Mac McAnally, who grew up in Belmont, Miss., and is an eight-time winner of the Country Music Association Musician of the Year, a noted songwriter and recording artist and a member of Jimmy Buffet’s Coral Reefer Band, was on hand to celebrate Mississippi.

Mississippi’s reputation as a creative state “goes all the around the world,” McAnally said, recalling the spontaeous applause the state’s name elicited when he and Buffet were on a tour of Australia and New Zealand.

He recalled that his mother would always admonish him when he was growing up to “make some use of yourself” as he was leaving the house.

“That’s the way I want to look at every morning . . . whether it’s been a good brother to my sisters or better neighbor to my neighbors or a better ex-husband to my ex-wife.”

He said his song “It’s My Job” explains that outlook.

“Doing your best makes everything better,” he told the gathering.

Smallness seemed to be a theme of the show.

The running joke is that Wilson hails from “a state with three counties, two at high tide,” Delaware.

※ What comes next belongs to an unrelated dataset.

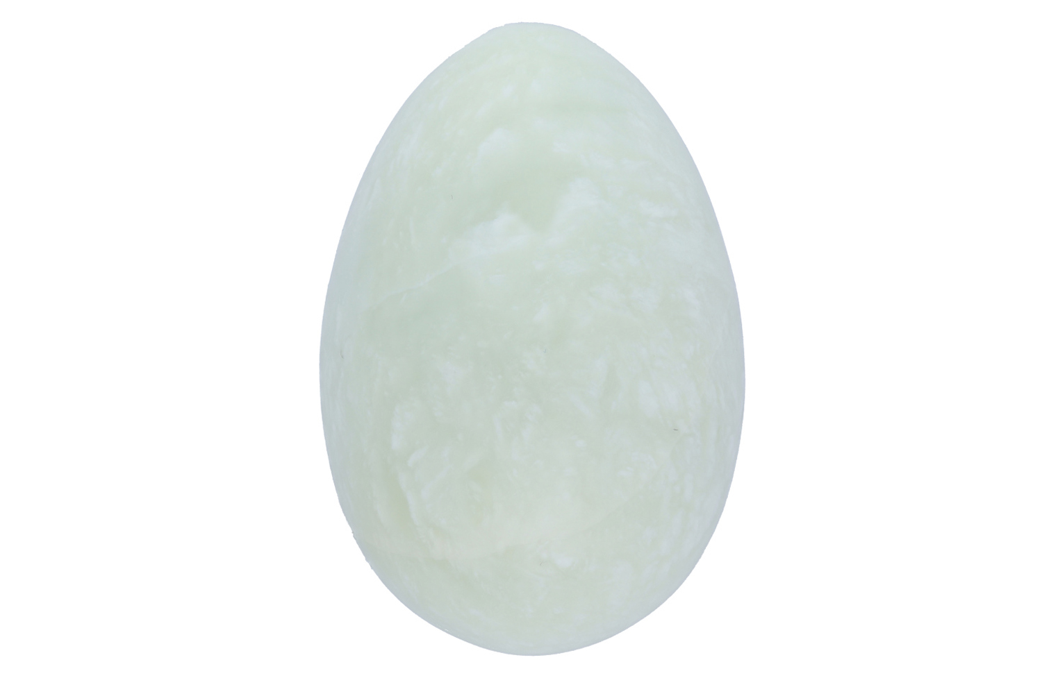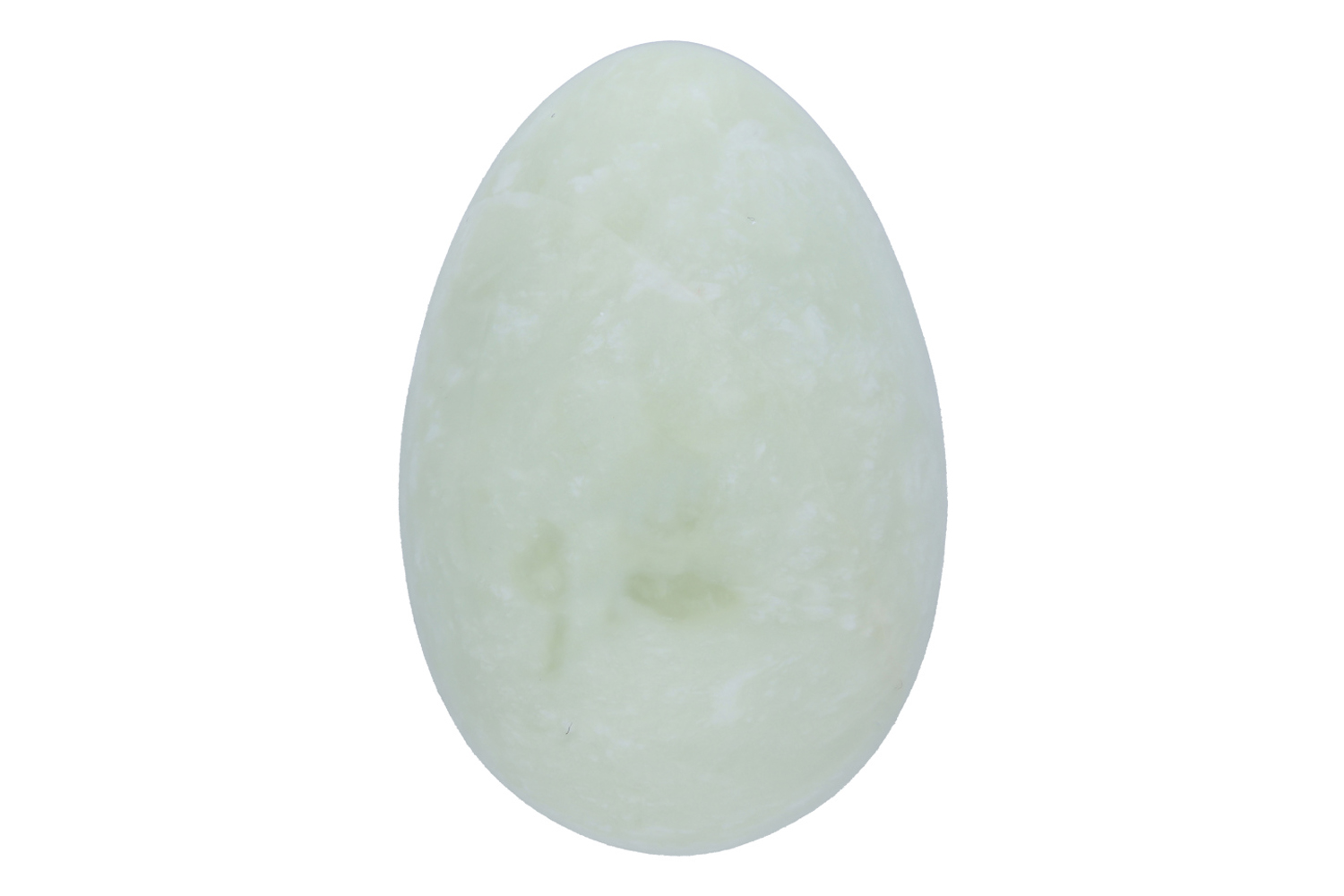 Yoni-Ei aus hellgrünem Serpentin. Dieser Edelstein wird auch als China-Jade bezeichnet.
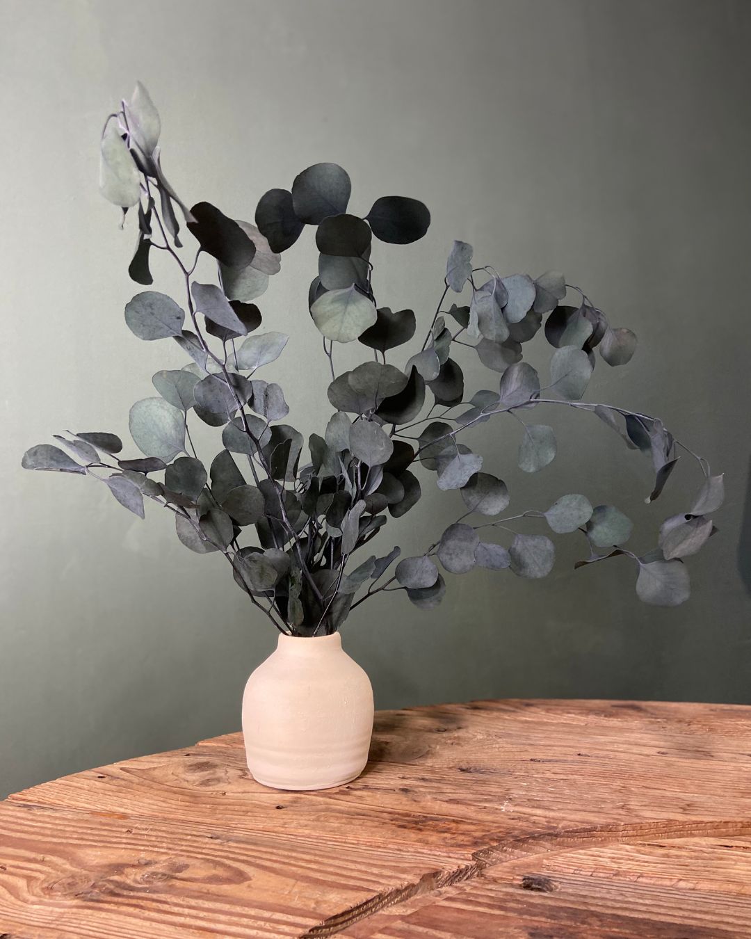 Nuestro Ramo de Eucalipto Populus Preservado Verde con Jarrón es una pieza atemporal perfecta para decorar tus espacios. Está hecho con eucalipto natural tratado para mantenerse bonito durante meses (¡o incluso años!) sin necesidad de agua ni mantenimiento.

 Waller got in a zinger in the event, which had elements of a good-natured roast. Waller said he and the rest of the staff took up a collection to buy the Wilsons a jonboat so they could paddle along the shores of Delaware at high tide.

But Wilson said he and his wife are Mississippians and will continue to live here, though they’ll avoid the long, hot summers of Mississippi by staying at his wife’s family’s cottage on the Chesapeake Bay.

In a way, Wilson got in the last word. Each vase of flowers on the tables at the luncheon had a card with Wilson’s closing in all his  thousands of emails: “Keep the Faith!”